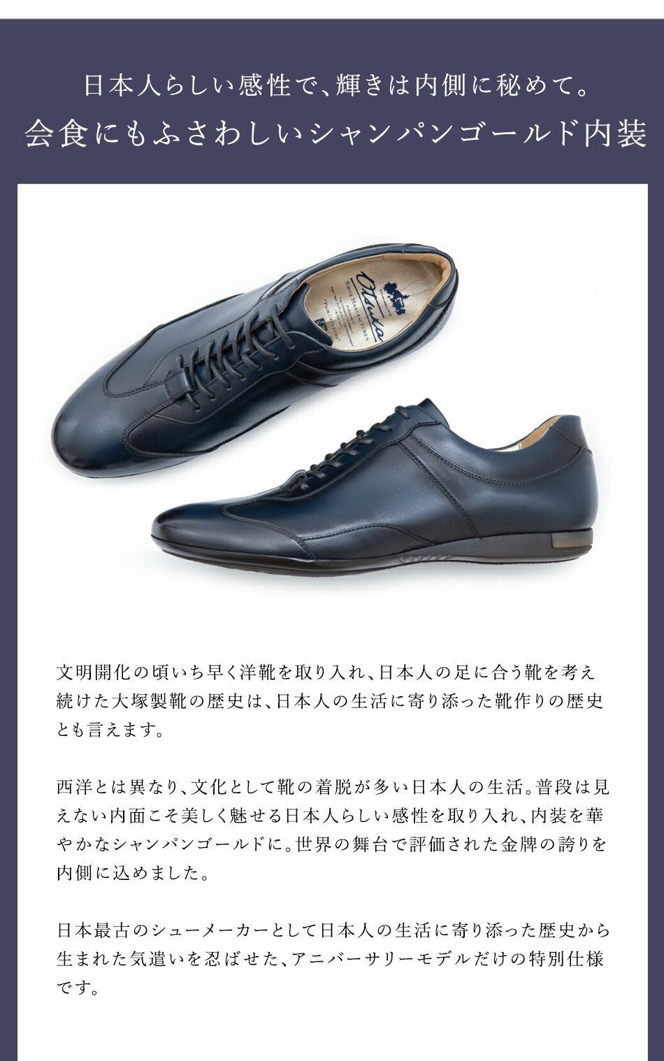 他の画像を見る 大塚製靴(OTSUKA/オーツカ) 【アニバーサリーモデル】 HS-6009NA クラシックレザースニーカー 英国王室にも愛される高貴な特注色ロイヤルブルー(スペシャルエディション) 税込価格 ¥ 54,890 税込 カートに入れる お気に入りに登録する
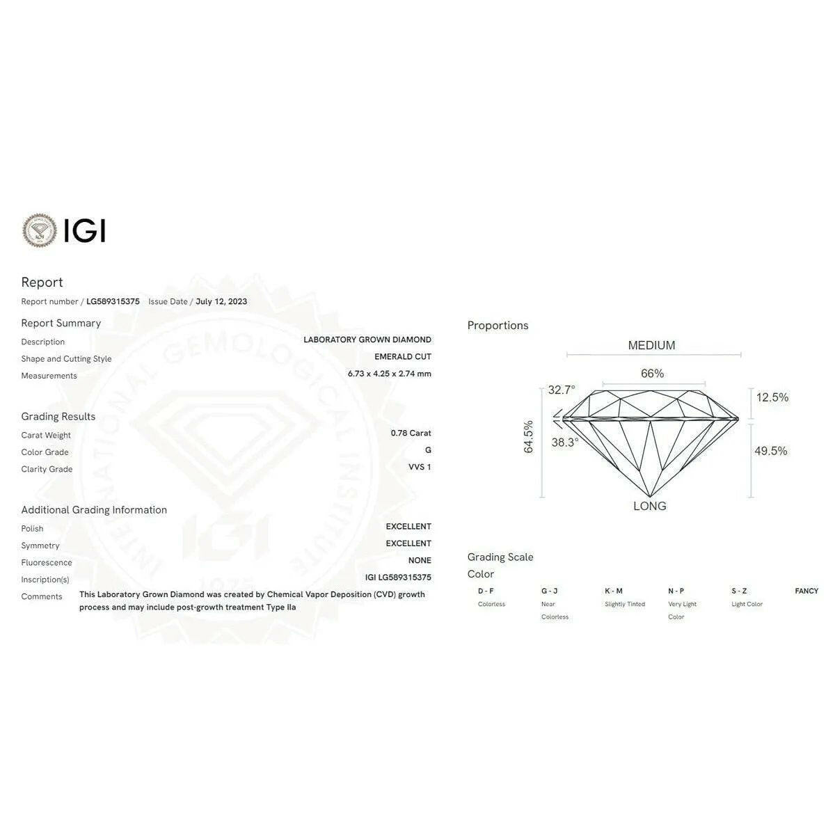 Emerald-Shape 0.78 carat Lab-Grown Diamond
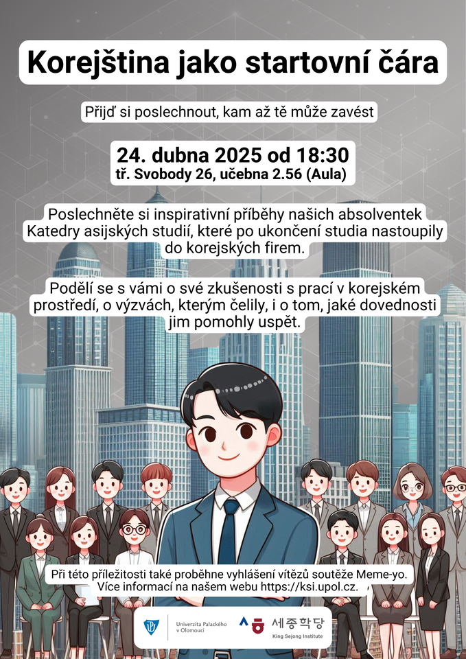 Dne 24. dubna 2025 se uskutečnila přednáška na téma "Korejština jako startovní čára". Naše absolventky sdílely své příběhy, diskutovaly o zkušenostech s prací v korejském prostředí, o dovednostech, které jim umožnily uspět, a o tom, co je na jejich cestě posunulo dál.
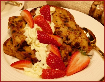 2. Melt half the butter in a large frying pan. Dip 2 slices of Tres Bon Fruit loaf,
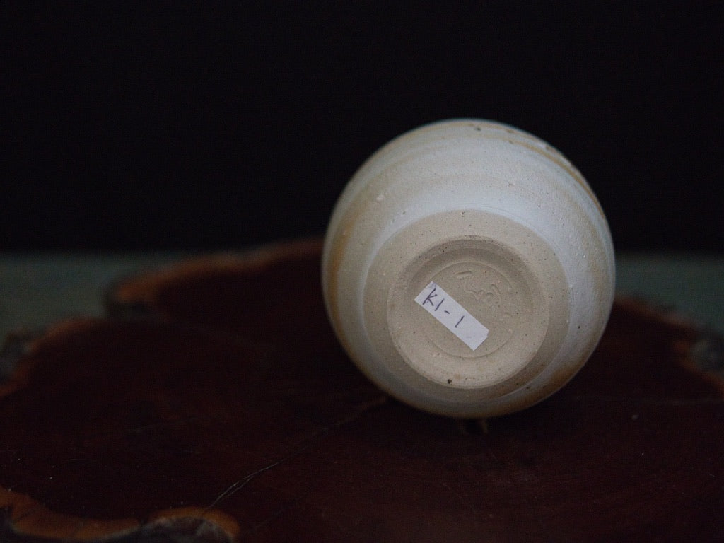 Bei diesem Becher erzeugen die weichen, horizontalen Bänder eine Oberfläche, die an die atmosphärische Streifung des Jupiters erinnert – organisch, ruhig und zugleich dynamisch. Die runde, leicht geschlossene Form liegt angenehm in der Hand, während die unglasierte Oberfläche die erdige Struktur des Tons spürbar macht. Ein charaktervolles Stück, das Ishida Kazuyas Gespür für Material, Rhythmus und subtile Texturen eindrucksvoll zeigt. Dieser Becher wird in einer handsignierten Holzschachtel (tomobako) geliefert.
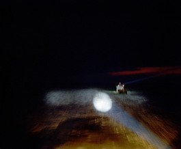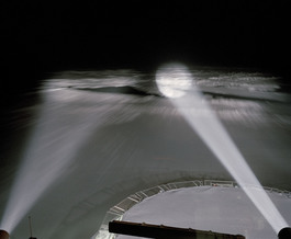 Finland. Bay of Bothnia. March 2002. Searchlight from icebreaker...
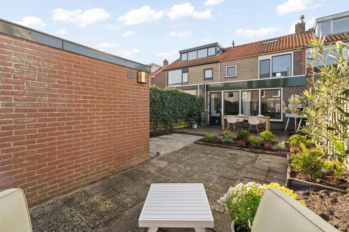 De achtertuin is diep en biedt meerdere zithoeken, een stenen berging met elektra en een achterom. De diepte van de tuin maakt het een prettige plek om te ontspannen, te spelen of te tuinieren.

▶ [What is needed] When you write out the data, keep every line exact and drop the pictures.

▶ [Output of the exercise]
 他の画像を見る 大塚製靴(OTSUKA/オーツカ) 【アニバーサリーモデル】 HS-6009NA クラシックレザースニーカー 英国王室にも愛される高貴な特注色ロイヤルブルー(スペシャルエディション) 税込価格 ¥ 54,890 税込 カートに入れる お気に入りに登録する
 Emerald-Shape 0.78 carat Lab-Grown Diamond
 Dne 24. dubna 2025 se uskutečnila přednáška na téma "Korejština jako startovní čára". Naše absolventky sdílely své příběhy, diskutovaly o zkušenostech s prací v korejském prostředí, o dovednostech, které jim umožnily uspět, a o tom, co je na jejich cestě posunulo dál.
 2. Melt half the butter in a large frying pan. Dip 2 slices of Tres Bon Fruit loaf,
 Bei diesem Becher erzeugen die weichen, horizontalen Bänder eine Oberfläche, die an die atmosphärische Streifung des Jupiters erinnert – organisch, ruhig und zugleich dynamisch. Die runde, leicht geschlossene Form liegt angenehm in der Hand, während die unglasierte Oberfläche die erdige Struktur des Tons spürbar macht. Ein charaktervolles Stück, das Ishida Kazuyas Gespür für Material, Rhythmus und subtile Texturen eindrucksvoll zeigt. Dieser Becher wird in einer handsignierten Holzschachtel (tomobako) geliefert.
 Finland. Bay of Bothnia. March 2002. Searchlight from icebreaker...
 De achtertuin is diep en biedt meerdere zithoeken, een stenen berging met elektra en een achterom. De diepte van de tuin maakt het een prettige plek om te ontspannen, te spelen of te tuinieren.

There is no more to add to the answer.